Back in August, I was invited by the wonderful Alexandra Neill to take part in her Blog Carnival project, along with a bunch of other writers who are much cleverer and more consistent with the whole writing thing than I am. That project was meant to last the whole month, and reach across five topics. I fell off the wagon after one, and now we’re in the back half of October and I’m writing the second one. Good work, me.

It wasn’t that I didn’t try to write it. I think I took four goes at it, knowing exactly what I wanted to talk about, but with no idea how to go about it. The topic was “Something That Scares Me”, and this thing left me so scared (and more importantly, ashamed) that I couldn’t bring myself to confess it.

It was such a stupid thing that I feel like a moron not being able to share it. It’s something I really struggle with, and I’m trying really hard to get over it, but things keep getting in the way: working full time, stress, exhaustion, procrastination, laziness, a total failing in terms of willpower, fear of the fear itself…

I am afraid of doing things, making things, being creative, having adventures. It’s such a stupid thing to be afraid of, especially when I consider the joy that comes from actually doing it, but the elements of the fear seem endless, and the excuses come in equal number. Yet at the same time, I am terrified of being ordinary, being boring, sacrificing my life to a day job and not doing and making the things my heart wants to. It’s a particularly uncomfortable position to be in.

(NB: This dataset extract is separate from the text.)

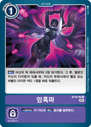 【메인】자신의 덱 위에서 3장을 파기한다. 그 후, 황색의 자신의 디지몬이 있을 때, 자신의 트래쉬에서 황색이나 자색의 디지몬 카드 1장을 패로 되돌린다.

A little over a week ago, I turned 25. For a number of reasons, that milestone held a lot of dread for me, especially as it crept closer and I realised just how few of the things I’d wanted to achieve had actually come to fruition. As I write, I realise that I’m even afraid to confess that they are things I want to do, but here are some of them:

I’ve never been published by a publication that will pay me for my work. I’ve left four novels unfinished, and never finished editing the only one that I did finish. I’ve never played in a band. I’m yet to live overseas. I’ve never made a short film that was any more than a glorified slideshow. I’ve not made any wonderful pottery,made a sculpture or fixed something mechanical, or learned how to ride a bike, or how to drive a car. I never got to be a radio announcer or program producer. I can’t do a handstand or a cartwheel or rock climb. I’ve never tried stand-up comedy. I’ve never learned how to swing dance or any of the Latin ballroom styles. I never learned to juggle. I’ve never acted in a role beyond the chorus, and I haven’t even done that since I was in high school. I’ve never organised a successful public event or gig. I’m painfully aware of all the things I want to do I haven’t done yet, and I feel like I am running out of time to do them.

Writer's Block II
“Writer’s Block II” by Drew Coffman

That’s what scares me: all those things left undone. As I get older, I feel like my potential is ebbing away; any talent I may have is disintegrating like muscles atrophying, and every day that ticks by makes me more anxious about what I’m missing out on. I’m surrounded by wonderful, clever, driven, creative, fantastic, unbelievable people (some of whom I am lucky enough to call friends, some of whom have just been rad enough to let me hang in their presence) who inspire and intimidate me in equal measure. They are musicians, writers, filmmakers, event-organising magicians, public relations wizards, actors, models, photographers, poets, circus performers, artists and so much more. I could ask them for help, but I’m paralysed by the thought of revealing that I want to do what they can do because I know that I’m never going to be as good at it as they are. I feel that I’ve left it too late.

I’ve missed plenty of opportunities by not being brave enough to take them, and it’s only been in the last 12 months that I’ve actually started acting on some of them, like writing for BMA, getting stupidly obsessed about a movie and doing insane and wonderful things as a result, putting together a murder mystery party for my friends, sorting out my medication regime and preparing to get clearance to go and get my L’s. But there are so many more things that I’m shoving down and hiding, so many more things that I want to do. It’s not that I don’t have the time or the energy; it’s that I am just too lazy and too afraid of making the changes to my life that I need to in order to do them.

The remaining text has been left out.